Ornamentum
Three Jewelry Artists at SOFA NY
http://www.ornamentumgallery.com/gallery/index.php
http://www.sofaexpo.com/
SOFA stands for Sculpture Objects and Functional Art. Their exhibits at various locales in the US and throughout the year, showcase outstanding contemporary “sculptural” objects, including jewelry. I always like to check in on the artists they elect to showcase. There is so much you can learn from each artist’s ideas and approaches.
Their current NY exhibition runs through 5/1/2011.
Jennifer Trask
http://www.jennifertrask.com/Site/Home.html

From her artist statement:
What do we carry with us in our bones? Literally, and metaphorically?
Used to express definitive physical sensation and emotional sentiment (e.g. ‘bone weary’), bone is considered the absolute reductive essence of our physical selves. Bones linger, incorporating evidence of what we ate, how we worked, injuries, illnesses, and environmental conditions during a given lifetime. Lead, copper and iron, among other metals, bind to our bones as obscure mementos of our experiences.

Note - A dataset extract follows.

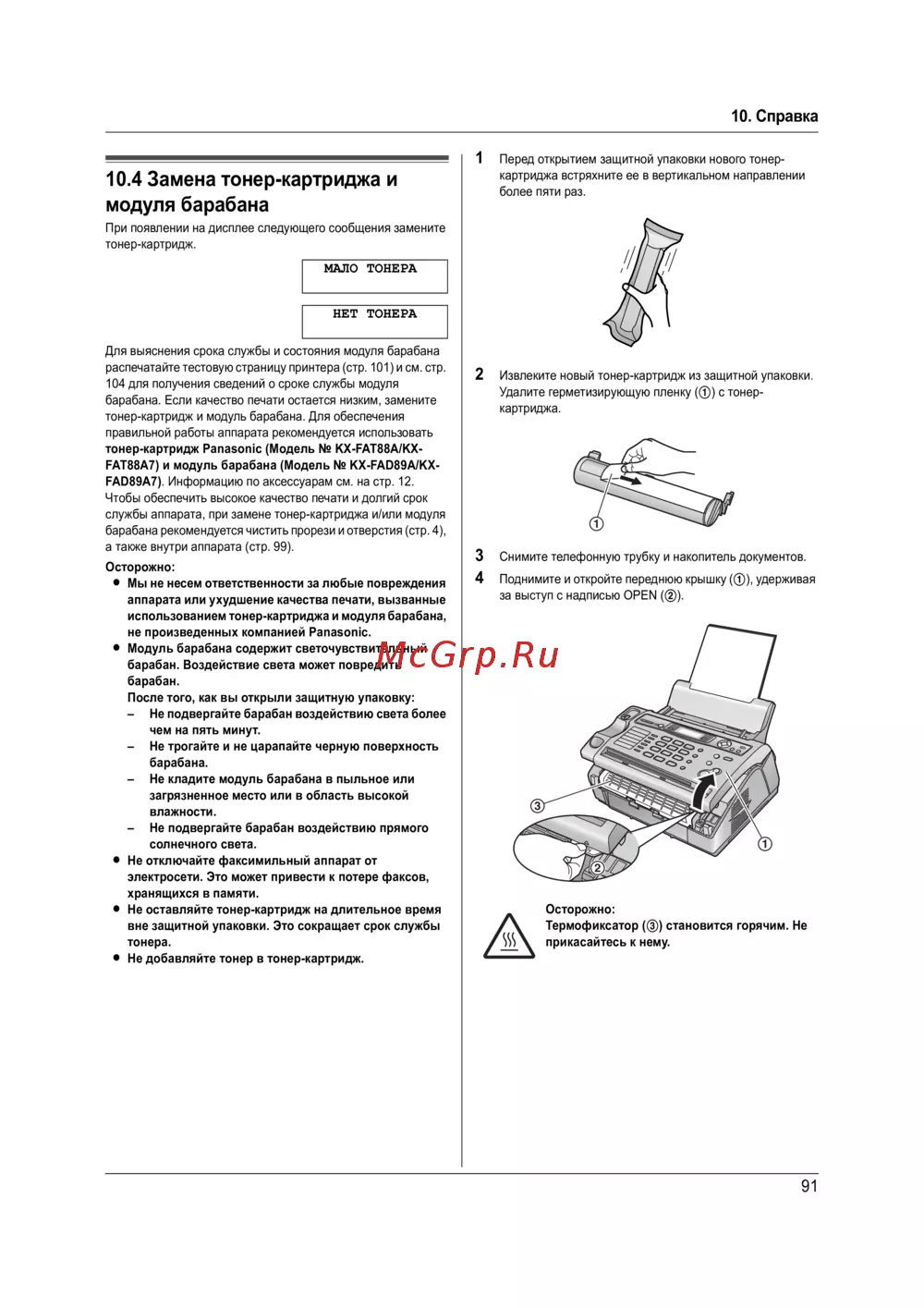 службы аппарата, при замене тонер-картриджа и/или модуля

What if those amalgams were to flourish and grow?
What would we see if we could view concepts and ideals, not just the verifiable physicality?
My process is a strange dance between the factual, or scientifically based research and the associative, or intuitive and non-verbal. As I move between the two places, factual and intuitive, internal and external, the results are cross-species hybrids that embody a peculiar romanticized vision of the natural world that betray a very human concept of separateness, of dominion over nature.

Looking deeper still, we see a measure of the unanticipated, in traces of internalized abstract experiences and ideals.
Implicit and explicit.
Internal and external.
Jiro Kamata
http://www.artaurea.com/jewelries/101-jiro-kamata

Jiro Kamata’s enthusiasm for the lenses of old reflex cameras developed into a long-lasting design concept. Kamata believes that the lenses capture and keep special moments like secrets and thinks that this could spark the jewelry wearers’ imagination.

Sergey Jivetin
http://crafthaus.ning.com/profile/SergeyJivetin

Jiventin takes an engineering eye, an intuitive understanding of mechanical physics, and the properties of unusual materials, like watch hands, human hair, fishing hooks, eggs, porcelain handles and syringe needles, to create very alive pieces of jewelry.

He sees his jewelry as helping the wearer make the connection between a person’s sense of self and humanity, and that person’s relationship to the work or industrial setting around her.